• Materials provided
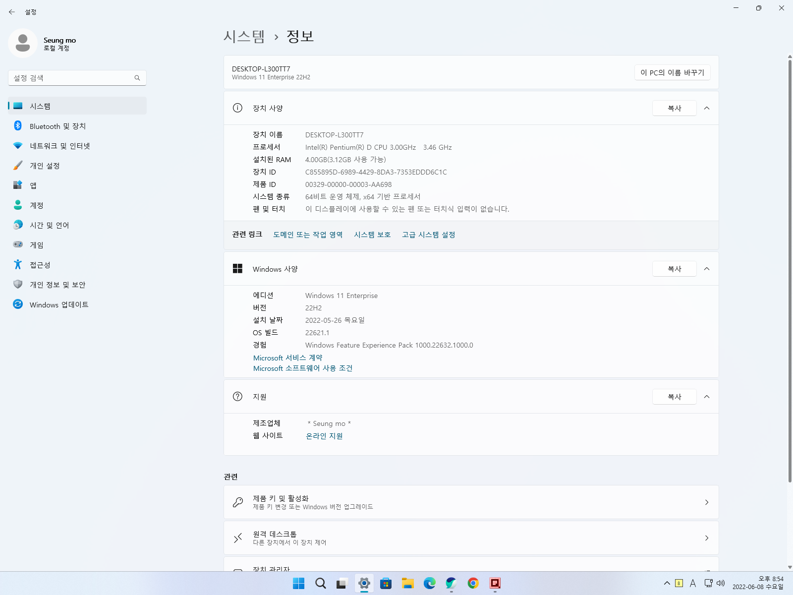 2022년 09월 12일 현재 버전은 22H2 (OS 빌드 22622.590) 입니다
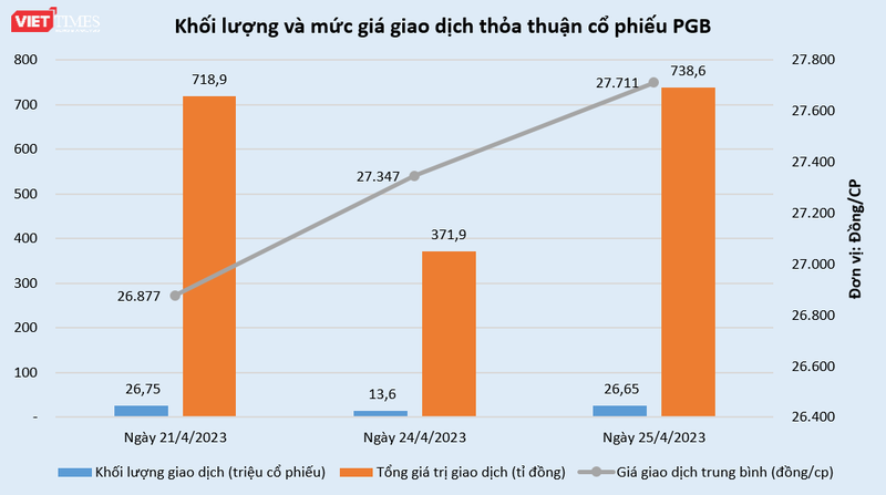 Theo thống kê của VietTimes, trong 3 phiên giao dịch liên tiếp (gồm 21, 24 và 25/4), có tới 77 triệu cổ phiếu PGB, tương đương 22,3% vốn điều lệ của Ngân hàng TMCP Xăng dầu Petrolimex (PG Bank), được sang tay qua phương thức thỏa thuận. Tổng giá trị của các giao dịch này lên tới 1.829,2 tỉ đồng.
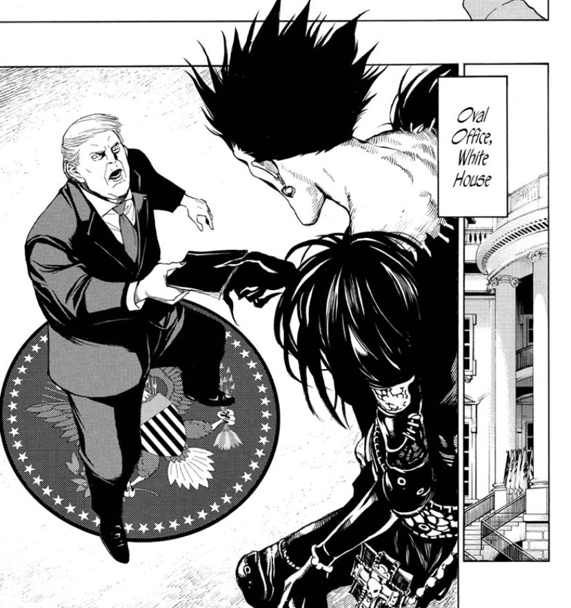 @realDonaldTrump meets with Shinigami Ryuk in the latest chapter one shot sequel manga for#DeathNote pic.twitter.com/NpYJV4AOLX
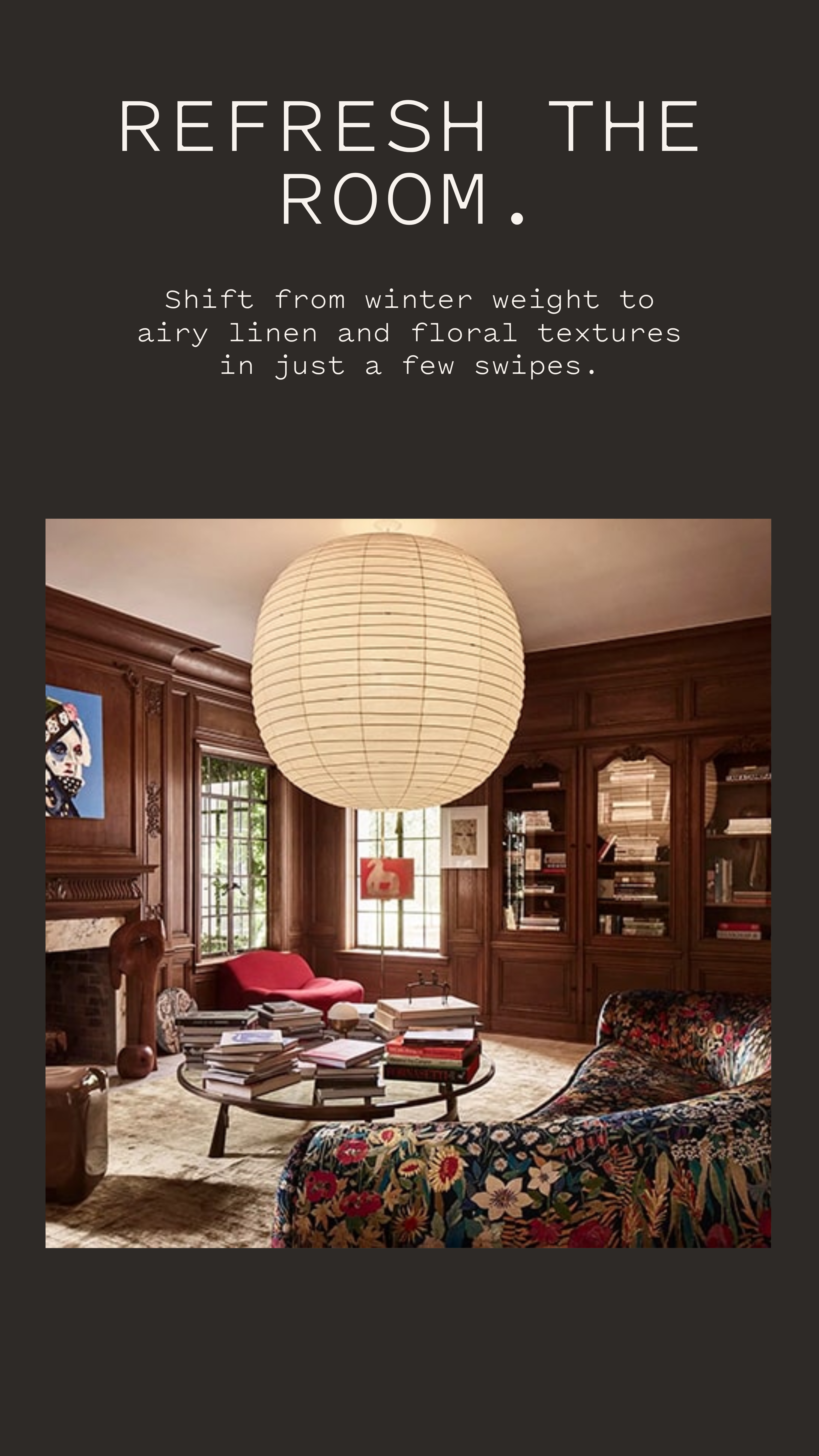 Spotify Wrapped mechanic for interior design. Personal style profile designed to be screenshot and shared.
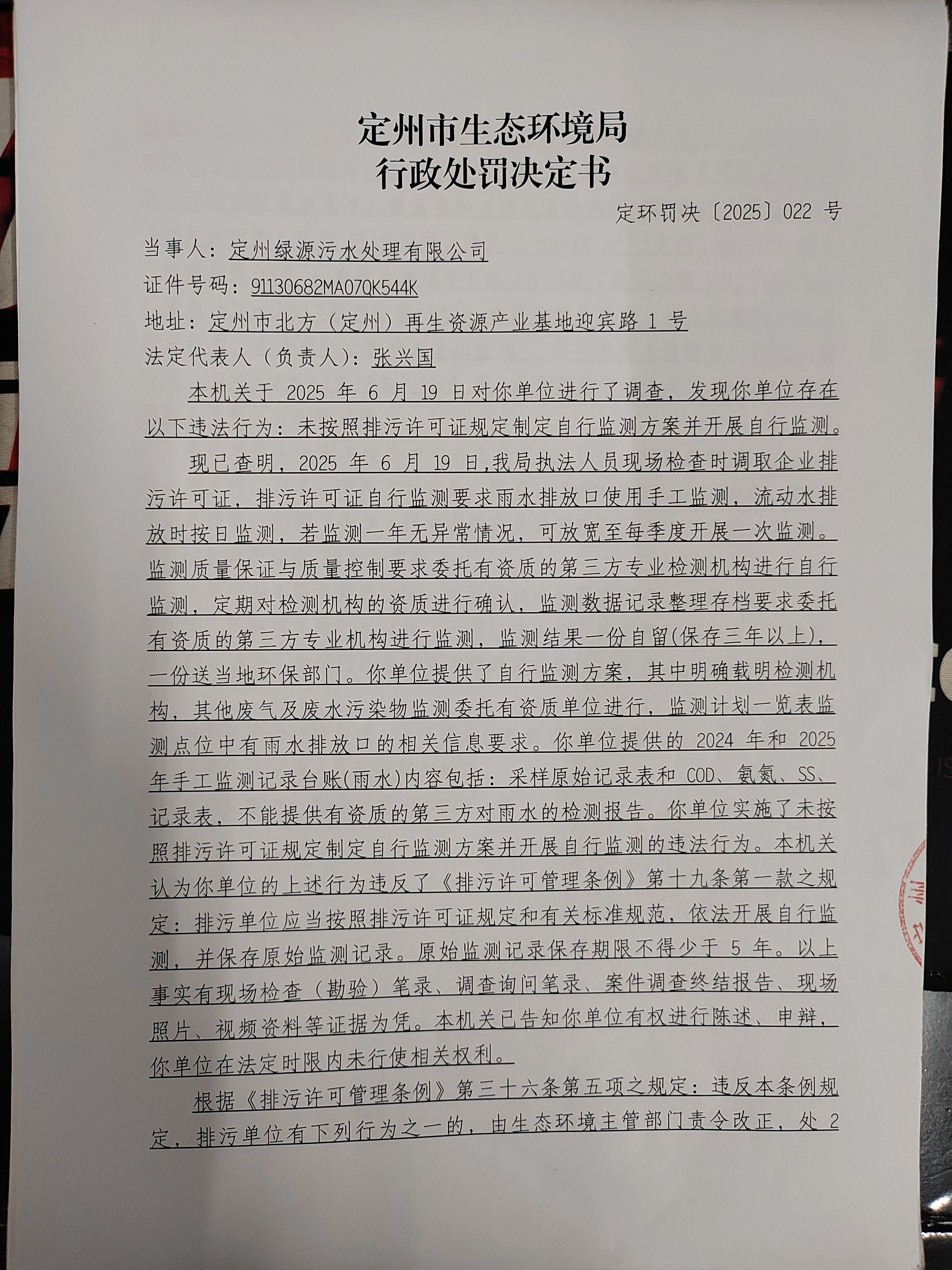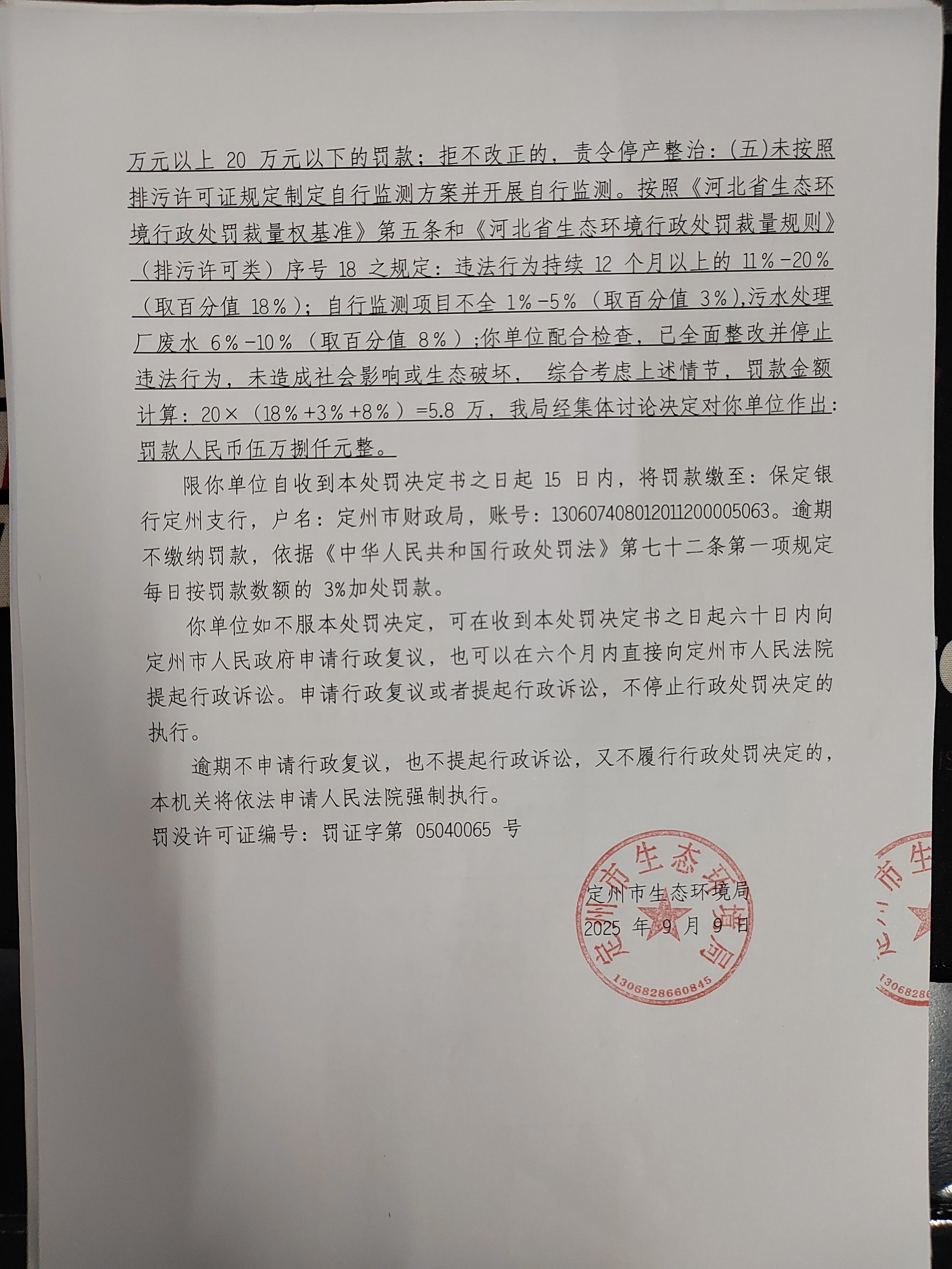定州市生態(tài)環(huán)境局行政處罰決定書 定環(huán)罰決[2025]022號

• Assigned task
Each line above should be output exactly, apart from the pictures.

• Finished task
 2022년 09월 12일 현재 버전은 22H2 (OS 빌드 22622.590) 입니다
 Theo thống kê của VietTimes, trong 3 phiên giao dịch liên tiếp (gồm 21, 24 và 25/4), có tới 77 triệu cổ phiếu PGB, tương đương 22,3% vốn điều lệ của Ngân hàng TMCP Xăng dầu Petrolimex (PG Bank), được sang tay qua phương thức thỏa thuận. Tổng giá trị của các giao dịch này lên tới 1.829,2 tỉ đồng.
 @realDonaldTrump meets with Shinigami Ryuk in the latest chapter one shot sequel manga for#DeathNote pic.twitter.com/NpYJV4AOLX
 Spotify Wrapped mechanic for interior design. Personal style profile designed to be screenshot and shared.
定州市生態(tài)環(huán)境局行政處罰決定書 定環(huán)罰決[2025]022號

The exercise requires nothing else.